Urgência e Emergência

Parada cardiorrespiratória (PCR): o que fazer?

Parada cardiorrespiratória (PCR): o que fazer?

Compartilhar
Imagem de perfil de Sanar Pós Graduação

Reconhecendo a PCR

Para o reconhecimento da Parada cardiorrespiratória (PCR), após ter certeza que o local está seguro, deve-se checar a responsividade da vítima.
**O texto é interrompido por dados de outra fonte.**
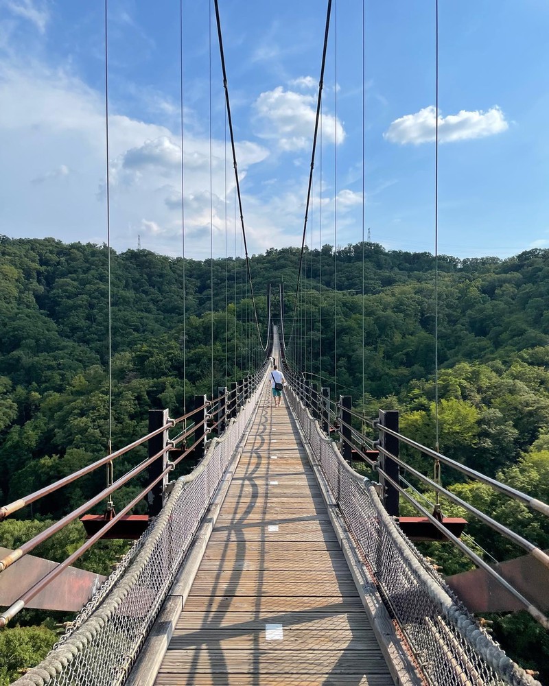 全長280mもある大きな吊り橋があるのですが、駐車場から30分ほど山登りをしないと行けなくて、全身がかなりやられてしまいました(笑)
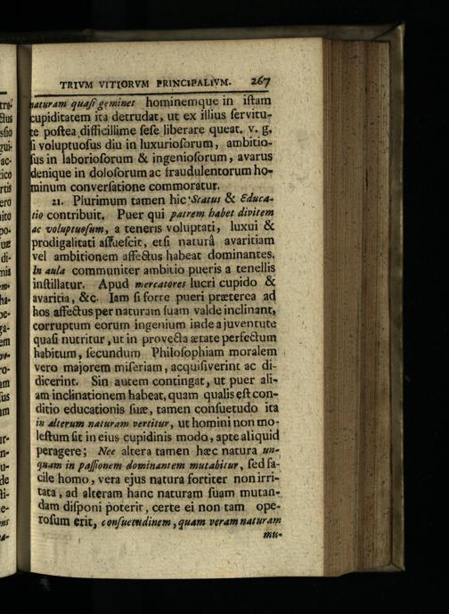 2. Plurimum tamen hic'srarur&&Zucatio contribuit, Puer qui parem babet divitem ac voluptuefum, a teneris voluptati, luxui& prodigalitati affüefcic, etfi naturd. avaritiam vel ambitionem affz&us habeat dominantes. In ala communiter ambitio pueris a tenellis B infüllatur. Apud mercarores lucri cupido.& avariia,&c.]am fiforre pueri preterea ad hos affe&tus per naturam fuam valde inclinant, corruptum eorum ingenium inde ajuventute quafi nutritur ,ut in prove&la etate perfectum habitum, fecunduin| Philofophiam moralem. vero majorem miferiam, acquifiverint ac didicerint. Sin: autem contingat, ut puer aliam inclinationem habeat, quam qualis eft conditio educationis fuz, tamen confuetudo ita in alterum naturam vertitur, ut homini non moleftum fit in eius cupidinis modo, apte aliquid peragere; Nec altera tamen hzc natura 1quam in pa[[onem dominanem mutabitur, fed facile. homo, vera ejus natura fortiter nonirriUta, ad alteram hanc naturam füam mutandam difponi poterit, certe ei non tam opeTofüm erit, cen/uetmdinem, quam veram naturam
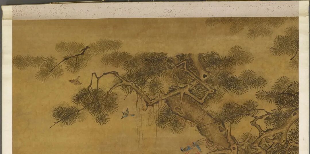 图绘货郎挑一副华丽的货担,货架勾龙描凤,婴孩衣着富贵,与北京故宫博物院藏《夏景货郎图》用笔敷色相似,如此或是宫廷画家所作。托名崔子忠,与崔氏风格不符,且松间蓝山鹊小于松针,若专业画师不会出如此差错,或是人物画家不擅花鸟画者。

Para isto, agita-se gentilmente os ombros da vítima e grita-se: “senhor, senhor, o senhor está me ouvindo?”

Se a arresponsividade da vítima for comprovada, chame por ajuda e ative o serviço médico de emergência solicitando um desfibrilador externo automático (DEA): aponta-se diretamente para uma pessoa que esteja na cena “Você … ,ligue para o SAMU 192 e peça para trazer um DEA”.

Fonte: Treinamento de Emergências Cardiovasculares Avançado da Sociedade Brasileira de Cardiologia.
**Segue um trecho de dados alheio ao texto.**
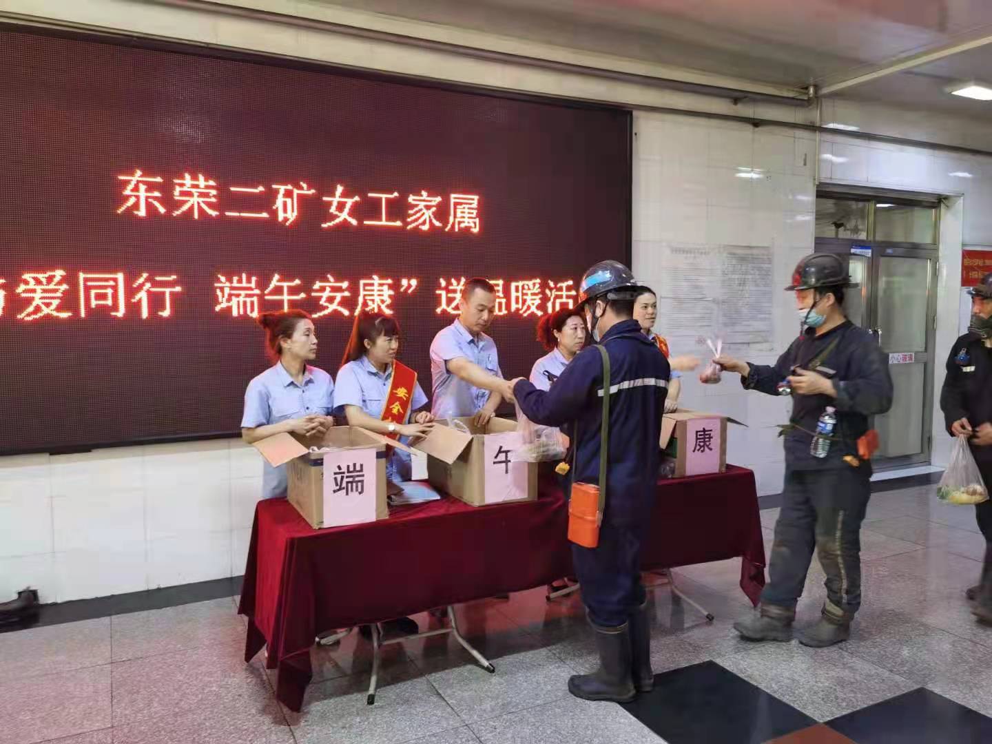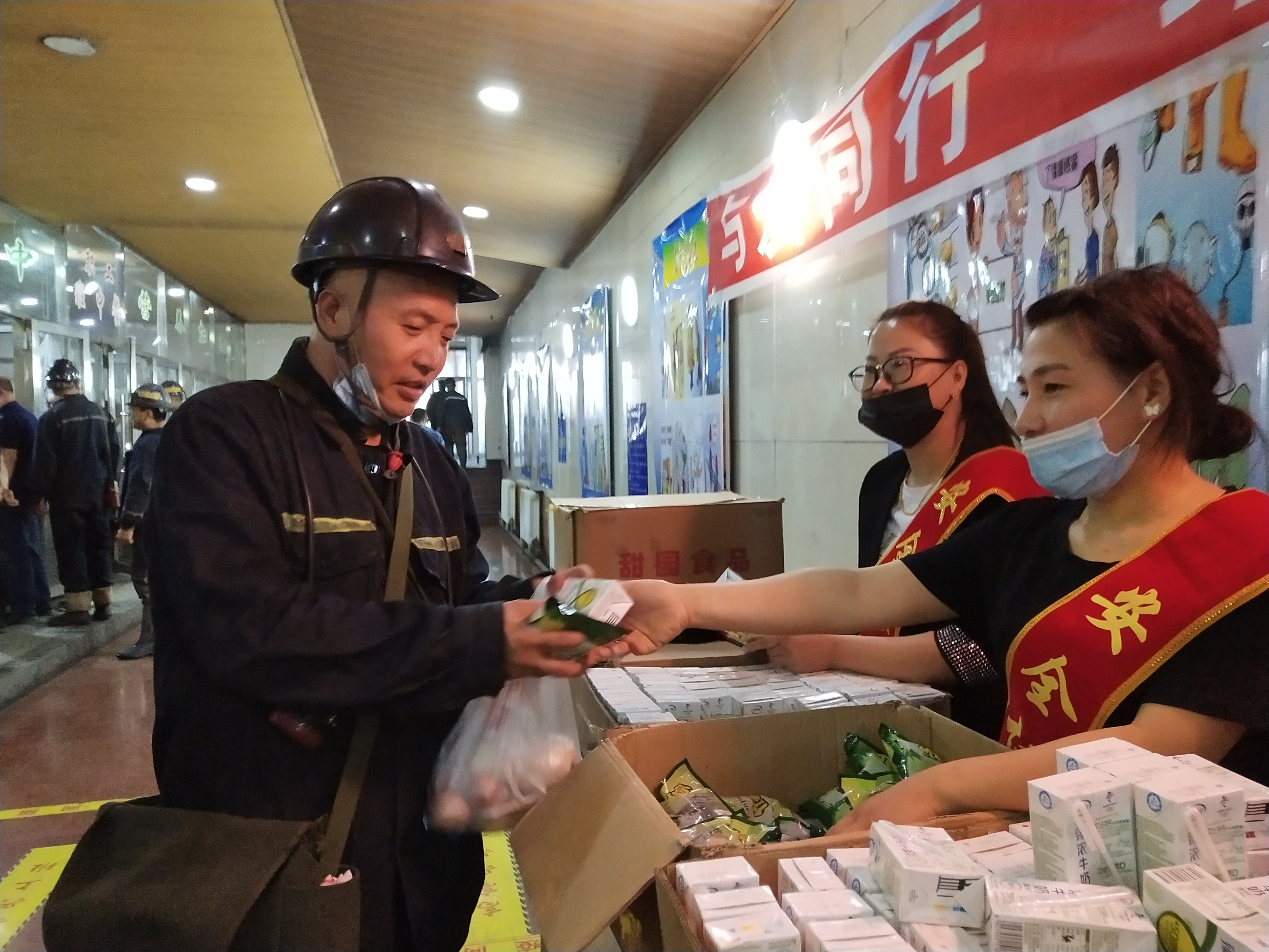 6月14日端午节当天,公司工会女工委以"与爱同行 端午安康"为主题,组织女工家属协管员开展慰问活动。女工家属协管员包粽子、煮鸡蛋,共慰问矿工10000多人,发放粽子5000余斤,鸡蛋3000余斤,牛奶、香肠等上万份,参加活动的女工家属协管员160多人。(杨宗纬)

Após chamar por ajuda, devem ser avaliados simultaneamente e por 5 a 10 segundos a respiração, através de movimentos de elevação do tórax, e o pulso carotídeo do mesmo lado do avaliador, com o objetivo de constatar se há bombeamento cardíaco.

A vítima pode-se apresentar irresponsiva, com pulso presente e respiração normal, e a conduta é monitorizar até a equipe de atendimento pré-hospitalar chegar. Se a vítima estiver irresponsiva, com pulso presente e respiração anormal (sem movimentos respiratórios ou gasping), providencia-se uma ventilação de resgate que deve ser realizada a cada 5-6 segundos, sendo o pulso checado a cada 2 minutos.
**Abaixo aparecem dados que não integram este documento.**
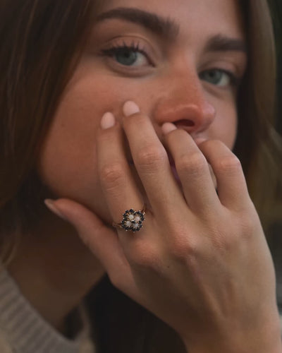 Emma ademt de magie van contrast en licht. In het hart schittert een melkachtig witte opaal, omringd door een cirkel van diepblauwe saffieren die haar iriserende gloed nog intenser doen stralen. De 9 karaat zetting versterkt haar klassieke bloemvorm, waardoor deze ring een tijdloze charme en zachte romantiek uitstraalt – een ode aan vrouwelijkheid en verfijning.
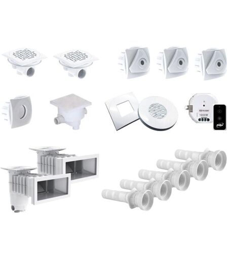 Ce kit de pièces à sceller AquaZendo convient la construction ou la rénovation d'une piscine mesurant 8 x 4 m. Fabriquées en France, toutes les pièces à sceller de ce kit sont de couleurs blanches et conviennent pour des piscines à revêtement béton et liner. Composition du kit de pièces à sceller pour piscine 8 x 4 m : 2 Skimmers design : en ABS traité anti-UV Sortie à visser femelle 1"1/2 - mâle 2" avec régulateur de débit, sortie à coller (à perforer), sortie latérale pour niveau constant, trop plein arrière Ø 50 mm et téléscope rectangulaire 246 x 266 mm qui évite de "re-découper" la margelle. 2 Bondes de fond design : 360° débit 11,75 m³/h pour 0,5 m/s, F2"×11. 3 Buses de refoulement design : avec jet orientable, filetées 2" et taraudées 1" 1/2, débit 10 m³/h à 0,6 Bar. 1 Prises balai design : filetées 2" et taraudées 1" 1/2. 5 Traversées de paroi : F2"× M2", longueur 30 cm sécable. 1 Boîte de jonction : 1 Entrée / 2 Sorties Ø 50 mm. 1 Projecteur EASYLED design 12 LED 36W blanc à ...

Se a vítima se apresentar irresponsiva, SEM pulso e respiração (ou gasping), a parada cardiorrespiratória (PCR) é constatada.

Fonte: Treinamento de Emergências Cardiovasculares Avançado da Sociedade Brasileira de Cardiologia.

Inicia-se, então, imediatamente, a RCP de alta qualidade até a chegada do DEA.

Como realizar as compressões torácicas na PCR?

1. Posicionamento correto: mãos entrelaçadas com região hipotênar da mão dominante no centro do tórax do paciente, mantendo os cotovelos estendidos e formando ângulo de 90° com o plano horizontal.

Fonte: Medicina de emergências- abordagem prática

2. Frequência de 100 a 120 compressões por minuto.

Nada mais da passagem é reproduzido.